9.2.2.9. Eutectic Formation

Above the fuel liquefaction temperature, eutectic formation and penetration into the cladding takes place via migration of actinides and iron at the fuel/cladding interface, resulting in liquefaction of the cladding. There are slow and rapid eutectic reactions. Ref. [9‑7] experimentally shows that metallic fuel liquefaction at temperatures below 1080°C is associated with the \((U,Pu)_{6}Fe\) phase, and the solubility limit of plutonium in this phase makes the transition plutonium dependent. As a result, the liquefaction for U-10Zr is assumed to take place at 715°C. The liquefaction temperature drops to 650°C for the U-19Pu-10Zr fuel alloy [9‑7]. Rapid eutectic formation is associated with melting of the \((U,Pu)Fe_{2}\) phase above 1080°C [9‑8].

There are two different eutectic formation models incorporated as part of this development, an empirical and a mechanistic model. The mechanistic model is applicable only to the slow eutectic formation and builds on top of the iron migration model. The empirical model covers both slow and rapid eutectic formation.

9.2.2.9.1. Mechanistic Eutectic Model

In the mechanistic model, slow eutectic formation at the fuel/cladding interface is activated once a threshold temperature is reached. Beyond this temperature, the mechanistic model accounts for actinide diffusion and eutectic phase formation by solving Eq. (9.2-23) and Eq. (9.2-26), respectively, in addition to iron diffusion. As actinides and iron diffuse towards the eutectic interphase, the supersaturation drives the eutectic growth towards the cladding.

9.2.2.10. Numerical Solution

Actinide migration is solved by a finite volume approach and applying the divergence theorem.
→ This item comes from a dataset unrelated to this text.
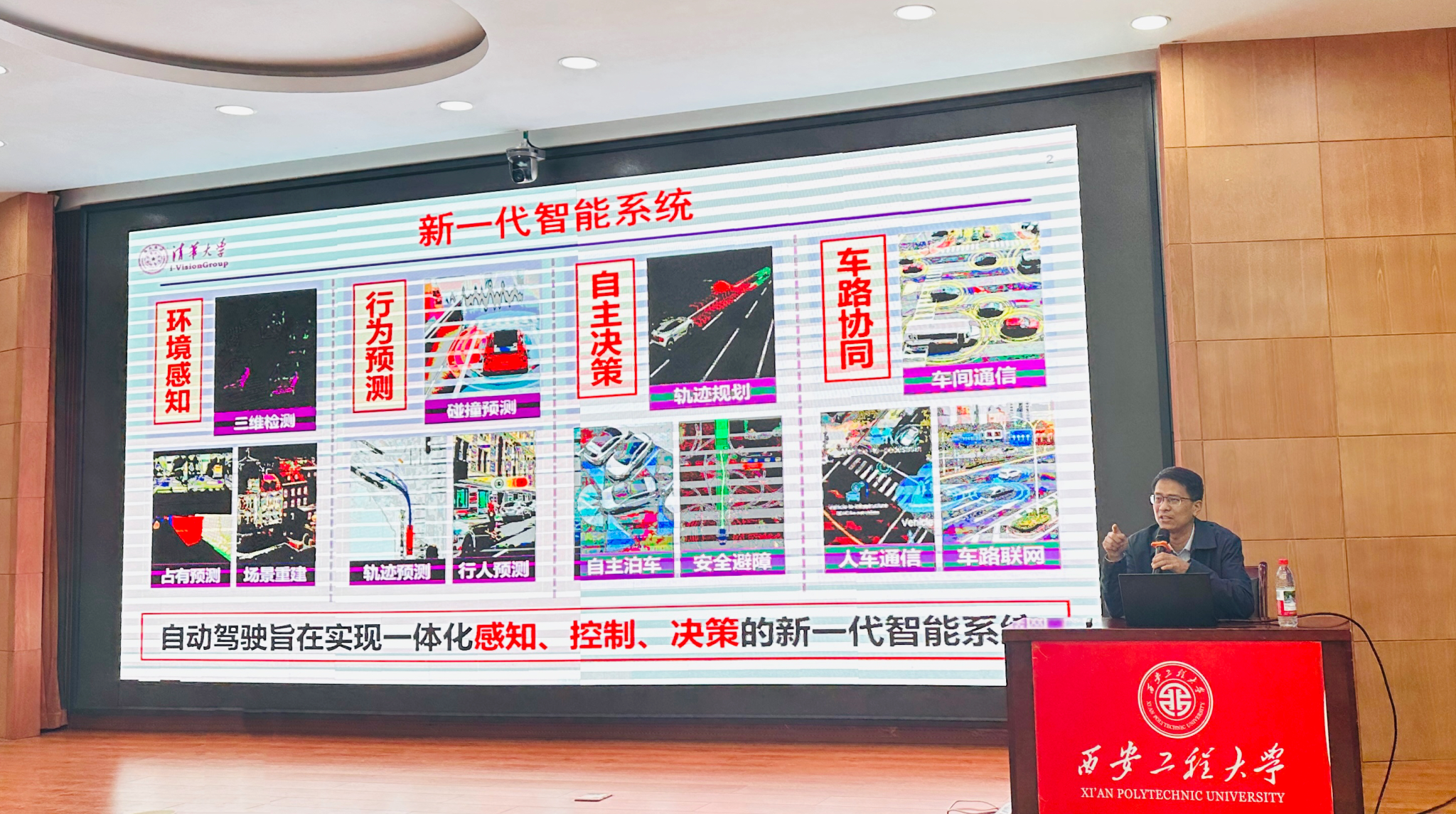 2025年11月14日14:30,西安工程大学第六十九期“经纬学术沙龙”暨beat365在线唯一官网第二十一期“极客论坛”专题报告会在临潼校区图书馆一楼报告厅成功举办。本次活动特别邀请清华大学自动化系副主任、国家杰出青年科学基金获得者、IEEE/IAPR Fellow鲁继文教授作专题报告,报告题目为“视觉感知与自动驾驶”。报告会由beat365在线唯一官网副院长张凯兵主持,学院150余名师生参加了此次学术交流活动。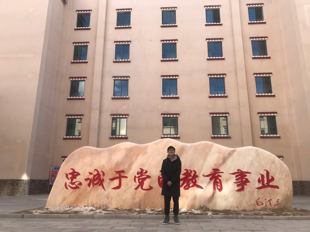 背景:陈锡栋,1996年11月生,浙江宁波余姚人,为我校材化学院2014级化学(师范)专业学生。2018年5月,积极响应教育主管部门的号召,主动报名参加并成功入选了应届大学生赴西藏专招项目,成为西藏自治区那曲市色尼区第二(杭嘉)中学的教师。陈锡栋同学自小生活在浙江沿海经济发达地区,生活条件相对优越。那曲市地处唐古拉山南坡和念青唐古拉山北麓,位于羌塘高原的东端,山地连续分布,被众多湖盆分割,湖泊星罗棋布。平均海拔4500米以上。全市国土面积43万平方公里,占西藏自治区国土面积的1/3,辖1区10县、114个乡镇。而此次陈锡栋能够主动申请去西藏工作,克服自然环境、身体条件、远离家庭等诸多不利因素,这种精神实在是值得我们大力肯定的,这种精神更是值得传承下去的。陈锡栋同学是目前为止材化学院毕业生中唯一一个去西部艰苦地区支援的同学,这个第一是非常重要的,其在同学们中的带动是很重要的。鼓励同学们“到祖国最需要的地方去建功立业”,这种理念是新时代青年的必须。而从目前的带动来看,虽然院内宣传不多,但是此次西部支教(云贵川)项目材化学院今年报名已达3人,也是达到了历史新高。

The following discretized equation is obtained for actinide transport from fuel to the fuel-cladding interface:

(9.2-32)\[ \frac{d{\overline{u}}_{i}}{dt}\frac{r _{i + \frac{1}{2}}^{2} - r_{i - \frac{1}{2}}^{2}}{2} = \lbrack ruM\nabla\mu\rbrack_{r_{i - \frac{1}{2}}}^{r_{i + \frac{1}{2}}}\]

where \(i\) is the radial cell, \(r\) is the radial location (m), \(u\) is the actinide atom fraction, \(\mu\) is the chemical potential of actinides, (J/mol), \(M = \frac{D}{RT}\) is the mobility, and \(D\) is the diffusion coefficient, (m²/s), \(R\) is the universal gas constant (J/mol/K), and \(T\) is temperature (K).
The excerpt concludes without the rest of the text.